**Directions for this task**
Without the images, repeat every line of the listing verbatim.

**The data**

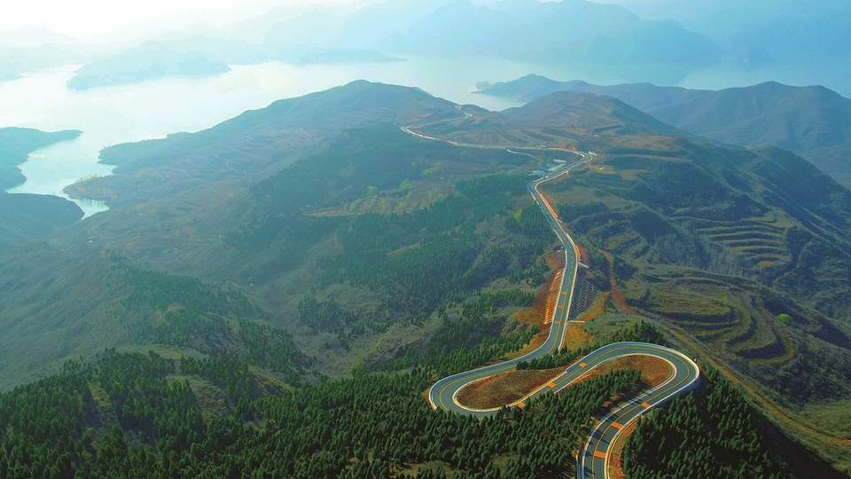 11月30日,拍摄于黄河一号旅游公路垣曲县新改建的无恨至东寨黄河码头三级公路。这条刚刚贯通的旅游公路全长10.759公里,投资4000余万元,有力推动了当地生态旅游融合发展。崔松良摄
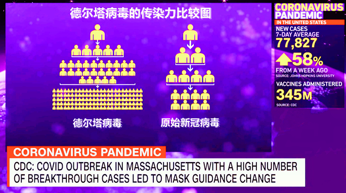 CDC发布的报告称,一项最新研究表明,在被感染的已经接种了新冠疫苗的患者中,产生了与未接种新冠疫苗患者同样数量的病毒,而且具有同样的传播倾向,也就是说已经接种了新冠疫苗的人群可以同样传播德尔塔病毒。在对马萨诸塞州巴恩斯特布尔县7月份469名德尔塔病毒感染患者群的研究发现,有74%患者是接种了新冠疫苗的二针注射的,被称为“突破感染”(Breakthrough),同未接种新冠疫苗的患者相比,他们有同样的病毒载量,同样的症状和严重程度,但是没有人死亡。这项针对接受了免疫注射的患者群的比较性研究还在继续,包括治疗时间、恢复程度等。
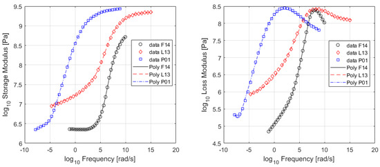 Several published moduli from the literature were used to assess the quality of fitting of the polynomial method. The storage and loss moduli, and the loss tangent, were fitted separately, and the relevant coefficients are provided in Table 1. For all three materials, three linear parts were combined with two fourth-order polynomials, to obtain the overall curves. In Table 1, any subscript indicates the role of the parameter in Equation (9), and a superscript indicates the sequential number of the respective linear or fourth-order polynomial. Clearly, any two of the three complex modulus curves are sufficient for fully describing any tested material.
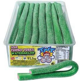 TNT Sour Turbo Tubes Watermelon 1.5kg Units per outer 30 Code: AJ22 Rec Retail $1.10

**Solution to this exercise**
 11月30日,拍摄于黄河一号旅游公路垣曲县新改建的无恨至东寨黄河码头三级公路。这条刚刚贯通的旅游公路全长10.759公里,投资4000余万元,有力推动了当地生态旅游融合发展。崔松良摄
 CDC发布的报告称,一项最新研究表明,在被感染的已经接种了新冠疫苗的患者中,产生了与未接种新冠疫苗患者同样数量的病毒,而且具有同样的传播倾向,也就是说已经接种了新冠疫苗的人群可以同样传播德尔塔病毒。在对马萨诸塞州巴恩斯特布尔县7月份469名德尔塔病毒感染患者群的研究发现,有74%患者是接种了新冠疫苗的二针注射的,被称为“突破感染”(Breakthrough),同未接种新冠疫苗的患者相比,他们有同样的病毒载量,同样的症状和严重程度,但是没有人死亡。这项针对接受了免疫注射的患者群的比较性研究还在继续,包括治疗时间、恢复程度等。
 Several published moduli from the literature were used to assess the quality of fitting of the polynomial method. The storage and loss moduli, and the loss tangent, were fitted separately, and the relevant coefficients are provided in Table 1. For all three materials, three linear parts were combined with two fourth-order polynomials, to obtain the overall curves. In Table 1, any subscript indicates the role of the parameter in Equation (9), and a superscript indicates the sequential number of the respective linear or fourth-order polynomial. Clearly, any two of the three complex modulus curves are sufficient for fully describing any tested material.
 TNT Sour Turbo Tubes Watermelon 1.5kg Units per outer 30 Code: AJ22 Rec Retail $1.10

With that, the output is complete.